◆ **THE DATA**
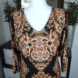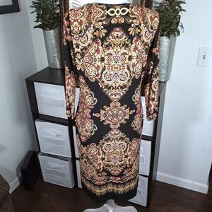 I.N.C INTERNATIONAL CONCEPTS BLACK, GOLD & BURGUNDY DRESS SZ.S EUC
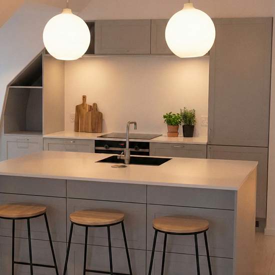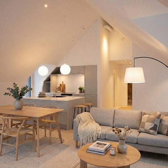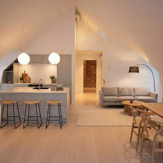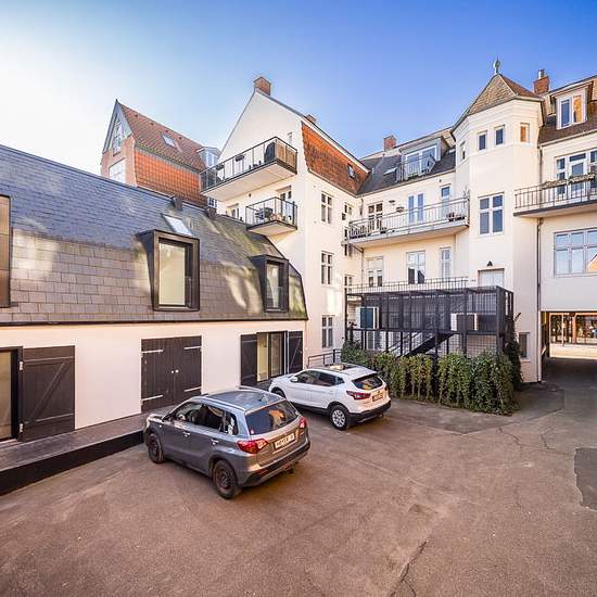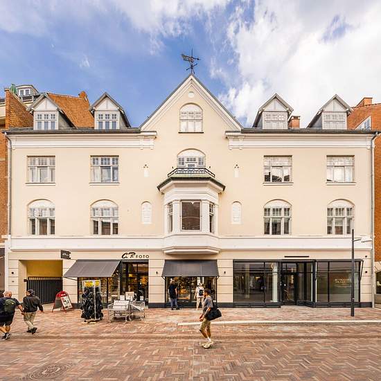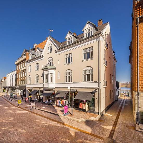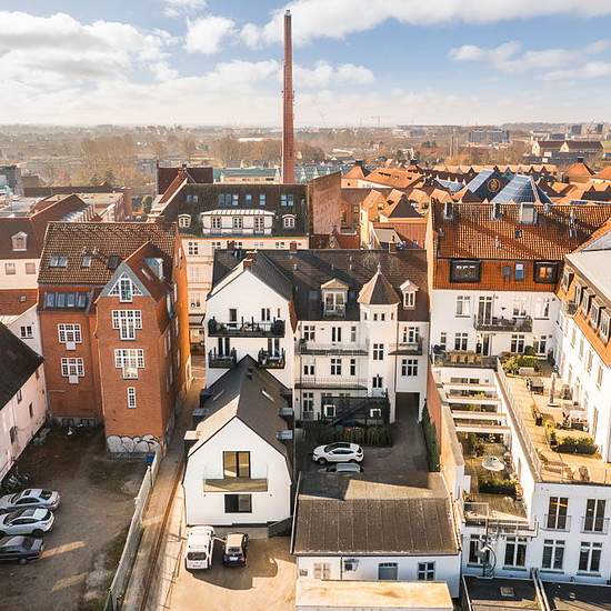 Welcome to this inviting apartment on the attractive Slotsgade – directly overlooking the idyllic Slotssø and in the very heart of Hillerød. Here you live with the city's atmosphere right outside your door and nature as your nearest neighbor. The apartment offers 112 well-utilized square meters and appears bright, modern and ready to move into. The natural focal point of the home is the large open-plan kitchen and dining area, where a vaulted ceiling and skylights create an impressive sense of space and a fantastic influx of light. The kitc...
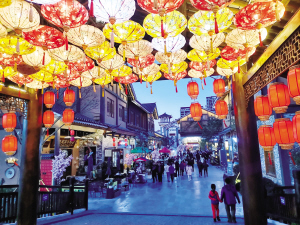 夜幕降临,昆明南强街巷的灯笼次第亮起,来自五湖四海的游客络绎不绝,沿着街道缓缓穿行,悠闲地品尝当地特色小吃,挑选独具云南特色的文创产品;不远处的昆明老街,熙熙攘攘的游客涌进建新园、留焕小吃等老字号品牌店,享用过桥米线、汽锅鸡、调糕藕粉等地道云南美食,老字号的烟火气与游客的满足感在空气中弥漫……
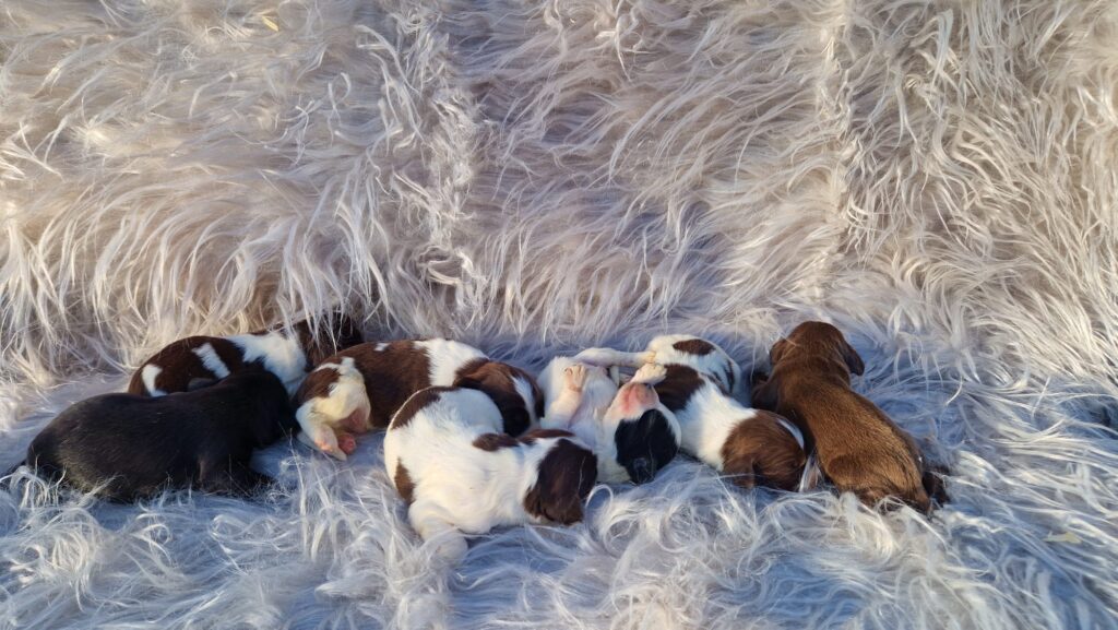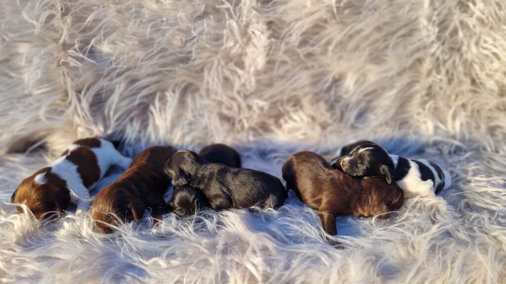 Op 5 en 6 januari 2026 zijn bij ons prachtige pups geboren uit een kruising Stabij × Cocker Spaniel. Een mooi en vitaal nest waar we met veel plezier en zorg bij betrokken zijn. Vanaf de eerste dag groeien de pups op in onze professionele omgeving, samen met hun moeder, andere honden en onze kinderen.

◆ **EXERCISE DETAILS**
What you write should match, word for word, the lines from the one containing "Welcome to this" to the end of the listing, with both ends kept and the pictures left out.

◆ **RESULT OF THE EXERCISE**
 Welcome to this inviting apartment on the attractive Slotsgade – directly overlooking the idyllic Slotssø and in the very heart of Hillerød. Here you live with the city's atmosphere right outside your door and nature as your nearest neighbor. The apartment offers 112 well-utilized square meters and appears bright, modern and ready to move into. The natural focal point of the home is the large open-plan kitchen and dining area, where a vaulted ceiling and skylights create an impressive sense of space and a fantastic influx of light. The kitc...
 夜幕降临,昆明南强街巷的灯笼次第亮起,来自五湖四海的游客络绎不绝,沿着街道缓缓穿行,悠闲地品尝当地特色小吃,挑选独具云南特色的文创产品;不远处的昆明老街,熙熙攘攘的游客涌进建新园、留焕小吃等老字号品牌店,享用过桥米线、汽锅鸡、调糕藕粉等地道云南美食,老字号的烟火气与游客的满足感在空气中弥漫……
 Op 5 en 6 januari 2026 zijn bij ons prachtige pups geboren uit een kruising Stabij × Cocker Spaniel. Een mooi en vitaal nest waar we met veel plezier en zorg bij betrokken zijn. Vanaf de eerste dag groeien de pups op in onze professionele omgeving, samen met hun moeder, andere honden en onze kinderen.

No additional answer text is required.